Answer:
Issued by nonfederal government entities, these financial instruments are debt securities that fund their capital expenditures. They are exempt from most taxes imposed in the area where the securities are issued. - State and local government bonds
Issued by money-centered financial firms, these short- or medium-term insured debt instruments pay higher interest than a regular savings account. They are low-risk instruments and have low returns. - Certificates of deposit
These financial instruments are investment pools that buy such short-term debt instruments as Treasury bills (T-bills), certificates of deposit (CDs), and commercial paper. They can be easily liquidated. - Money market mutual funds
Issued by corporations, these financial instruments give their holders a class ownership in a company. They are riskier than bonds but less risky than the general class of ownership. - Preferred stocks
Commercial paper is a money market instrument.
Step-by-step explanation:
State and government bonds are generally safe bonds that promise periodic interest payments. They repay face value by the maturity date listed. These bonds have the purpose of securing funds for government investments. Being backed up by the government, these bonds are usually deemed as secure.

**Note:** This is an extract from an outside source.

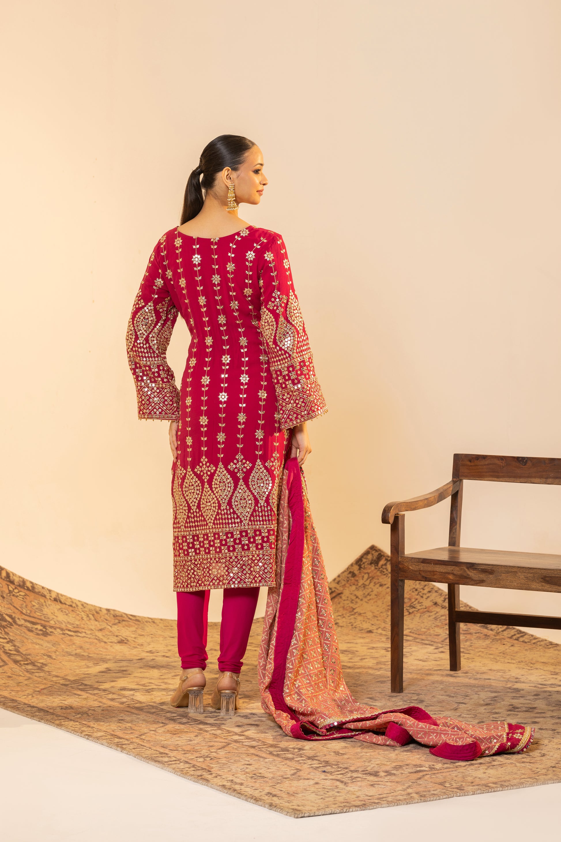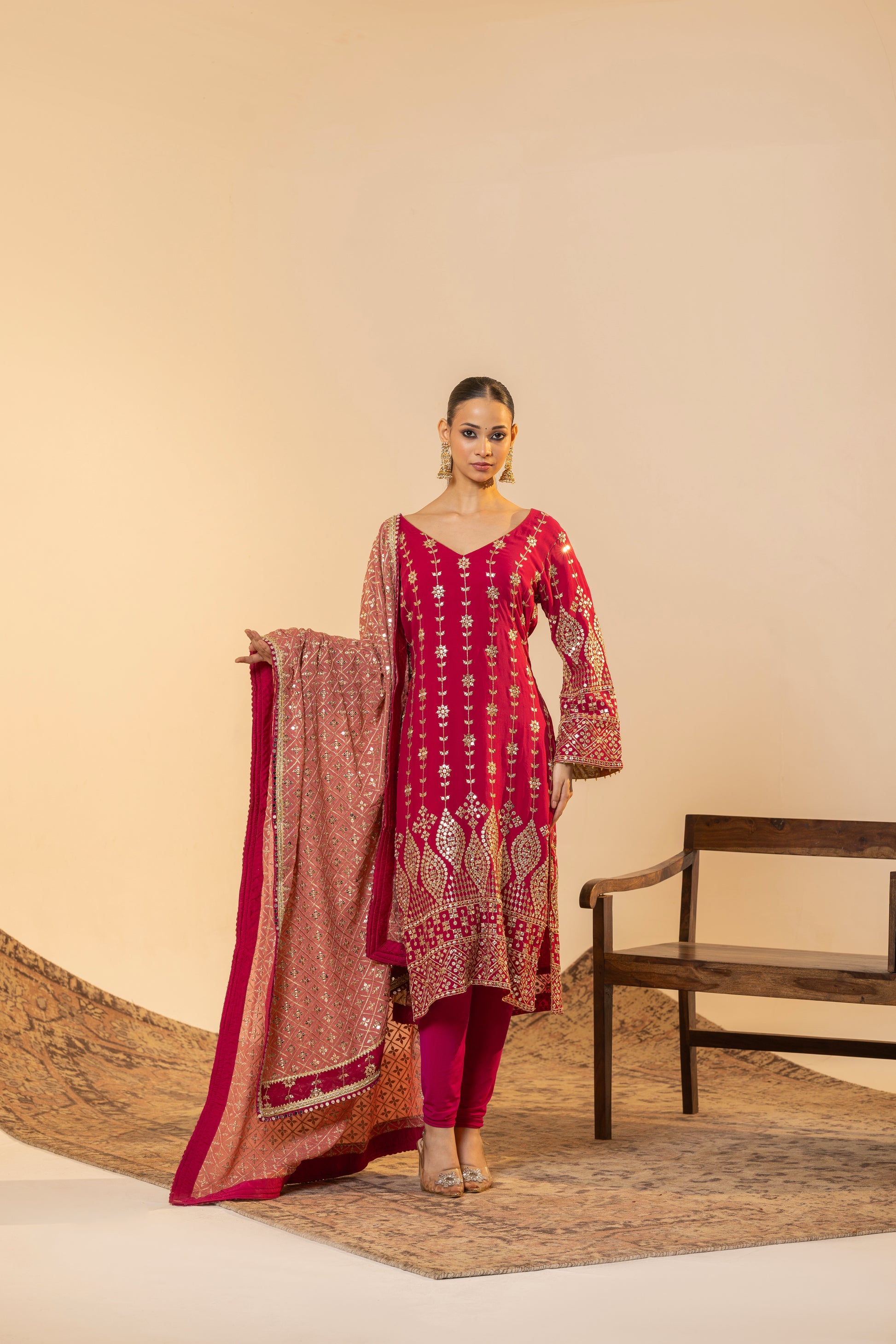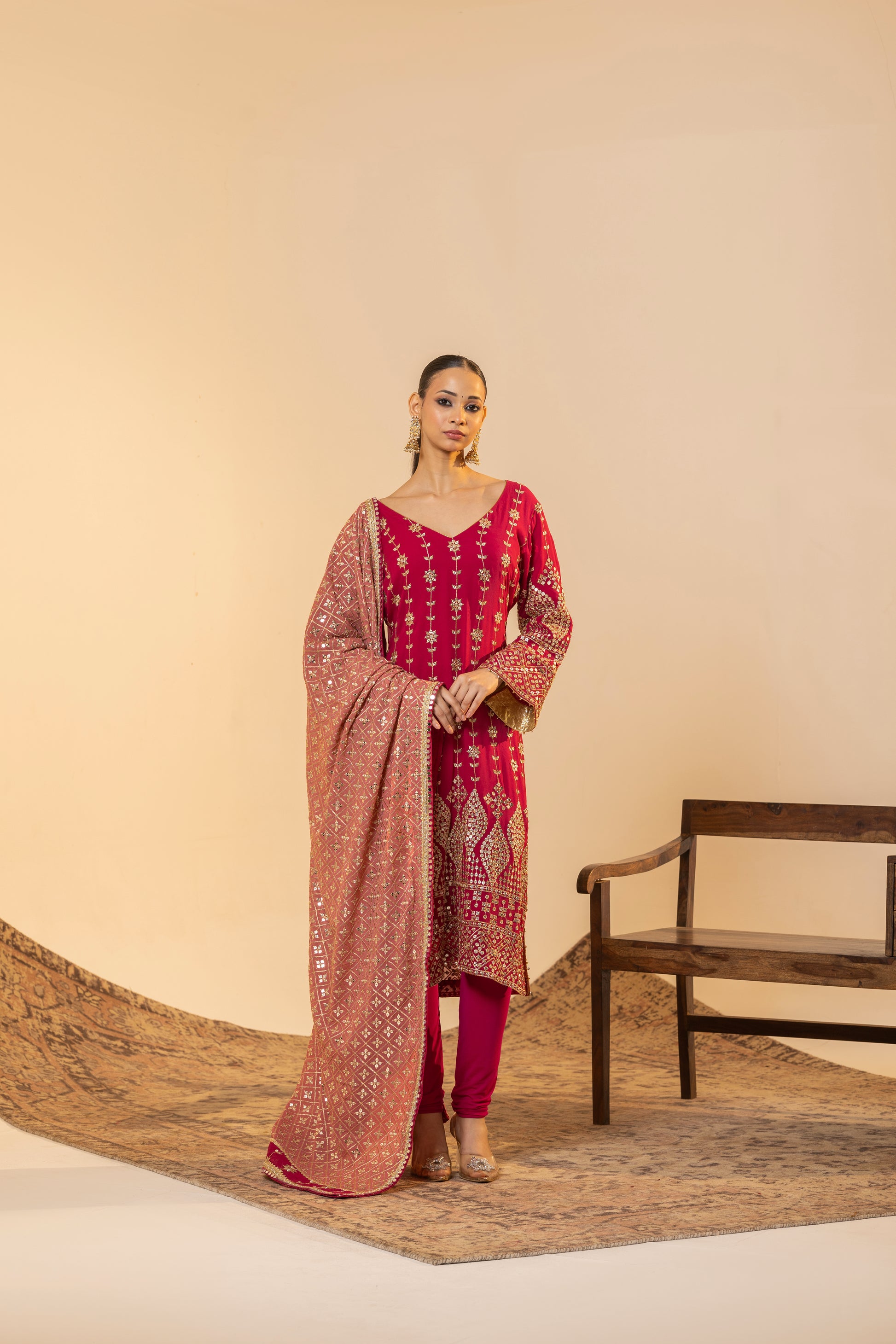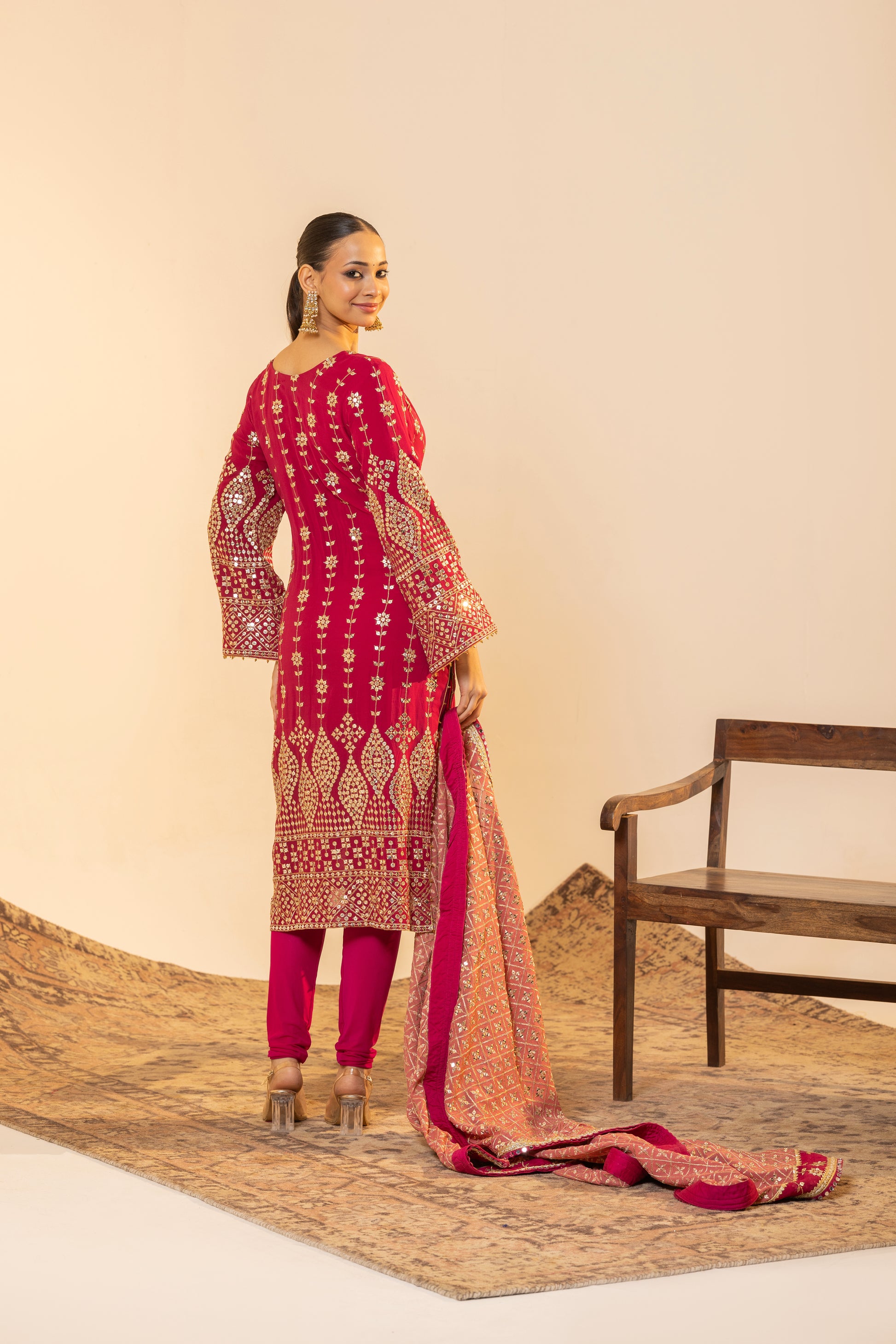 Vibrant Zest and Traditional Artistry. This traditional yet fashionable Rani Pink Suit Set features a straight-fit kurta adorned with dense gold Tilla and Zardozi embroidery. The striking flared or bell sleeves add a modern detail, while the luxurious fabric ensures a regal look. A quintessential outfit for Festive gatherings, family Pujas, or pre-wedding Celebrations.

Certificates of deposit is a well known financial firm product, giving the incentive to clients to leave their deposit untouched. These interests are usually low, however, they are nearly risk-free. It is up to each bank or firm to determine the exact terms of the CD offer, as it may clash with other financial products.
Money market mutual funds are funds that are specialized for investing in financial instruments that are extremely liquid, such as cash, cash equivalents etc. Because of the significant liquidity and low level of risk associated, they are popular with funding money market instruments.
Preferred stocks refer to having equity in a firm/company through the possession of these stocks. In contrast to common stock, preferred stockholders have a priority when it comes to claiming dividends. Preferred stockholders have little to no voting and decision rights in company management.
Commercial paper is a money market instrument that backs up short-term debt in a firm, so it is issued by one. Typically, it is used for inventories and short-term obligations (liabilities). Commercial papers are usually not backed up by a collateral, meaning only reputable companies with good debt ranking can issue them.